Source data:

______

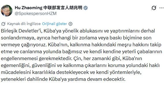 Çin Komünist Partisi Uluslararası İlişkiler Dairesi Sözcüsü Hu Zhaoming, sosyal medya platformu X üzerinden yaptığı açıklamada, ABD’yi Küba’ya yönelik tüm zorlayıcı tedbirleri derhal kaldırmaya çağırdı.
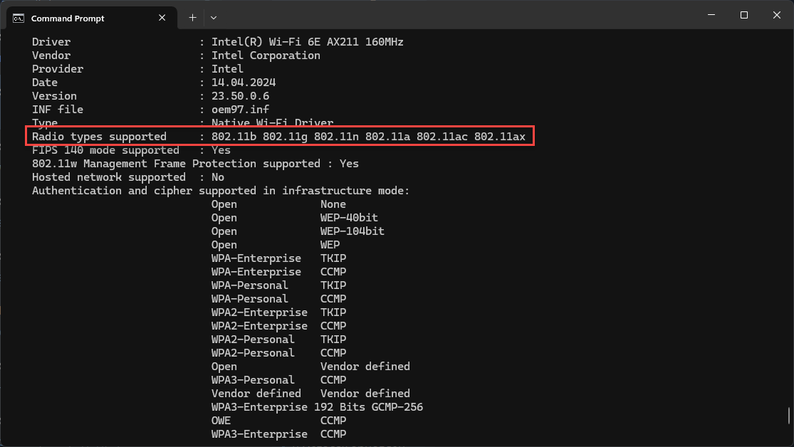 Wi-Fi 6 (802.11ax) support is partially implemented in Windows 10, but some versions of the operating system may incorrectly display the standard. Full support for Wi-Fi 7 (802.11be) is only available in Windows 11, starting from version 24H2. For more information, refer to Microsoft's official documentation: Modern Wi-Fi Standards Support.
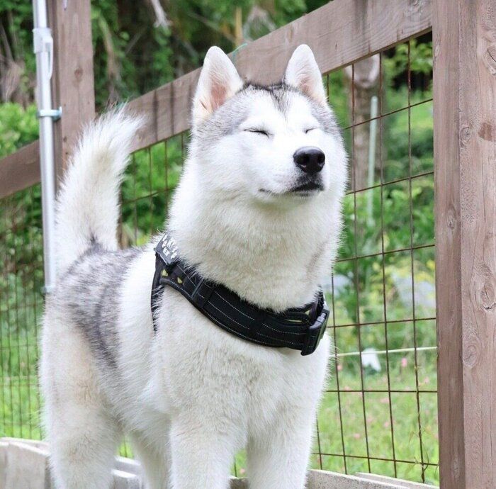 「眉毛」があって困ったような顔に見えるハスキー子犬 2才になって、キリッとした顔のイケメン犬に!
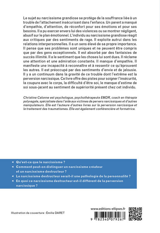 Dans cette ouvrage, l’auteure donne un descriptif complet du sujet au narcissisme grandiose. Elle offre également des pistes pour soigner l’insécurité, la coupure avec le corps, la difficulté d’être soi, le manque d’estime de soi sous-jacent au sentiment de supériorité présent chez cet individu.
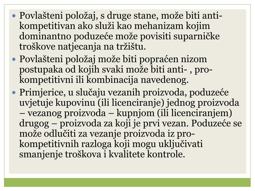 Povlašteni položaj, s druge stane, može biti anti-kompetitivan ako služi kao mehanizam kojim dominantno poduzeće može povisiti suparničke troškove natjecanja na tržištu. • Povlašteni položaj može biti popraćen nizom postupaka od kojih svaki može biti anti- , pro-kompetitivni ili kombinacija navedenog. • Primjerice, u slučaju vezanih proizvoda, poduzeće uvjetuje kupovinu (ili licenciranje) jednog proizvoda – vezanog proizvoda – kupnjom (ili licenciranjem) drugog – proizvoda za koji je prvi vezan. Poduzeće se može odlučiti za vezanje proizvoda iz pro-kompetitivnih razloga koji mogu uključivati smanjenje troškova i kvalitete kontrole.
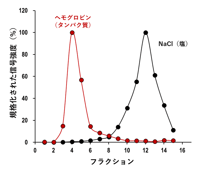 一方、タンパク質のような高分子は穴に入れないため、速い時間で溶出されます。
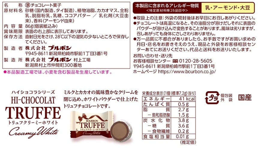 [12袋]ブルボン トリュフクリーミーホワイト 86g | マイルドなミルクの味わい
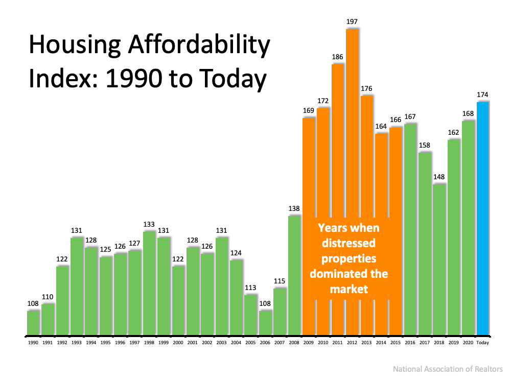 So, the higher the index, the more affordable it is to purchase a home. Here’s a graph of the index going back to 1990:Buying a Home Is Still Affordable | Simplifying The MarketThe blue bar represents today’s affordability. We can see that homes are more affordable now than they’ve been at any point since the housing crash when distressed properties (foreclosures and short sales) dominated the market. Those properties were sold at large discounts not seen before in the housing market for almost one hundred years.

______

Task to carry out: Only the lines from the top of the data through the line with "Dans cette ouvrage, l’auteure" should be quoted, exactly and with both ends kept; skip the pictures.

Solved exercise:
 Çin Komünist Partisi Uluslararası İlişkiler Dairesi Sözcüsü Hu Zhaoming, sosyal medya platformu X üzerinden yaptığı açıklamada, ABD’yi Küba’ya yönelik tüm zorlayıcı tedbirleri derhal kaldırmaya çağırdı.
 Wi-Fi 6 (802.11ax) support is partially implemented in Windows 10, but some versions of the operating system may incorrectly display the standard. Full support for Wi-Fi 7 (802.11be) is only available in Windows 11, starting from version 24H2. For more information, refer to Microsoft's official documentation: Modern Wi-Fi Standards Support.
 「眉毛」があって困ったような顔に見えるハスキー子犬 2才になって、キリッとした顔のイケメン犬に!
 Dans cette ouvrage, l’auteure donne un descriptif complet du sujet au narcissisme grandiose. Elle offre également des pistes pour soigner l’insécurité, la coupure avec le corps, la difficulté d’être soi, le manque d’estime de soi sous-jacent au sentiment de supériorité présent chez cet individu.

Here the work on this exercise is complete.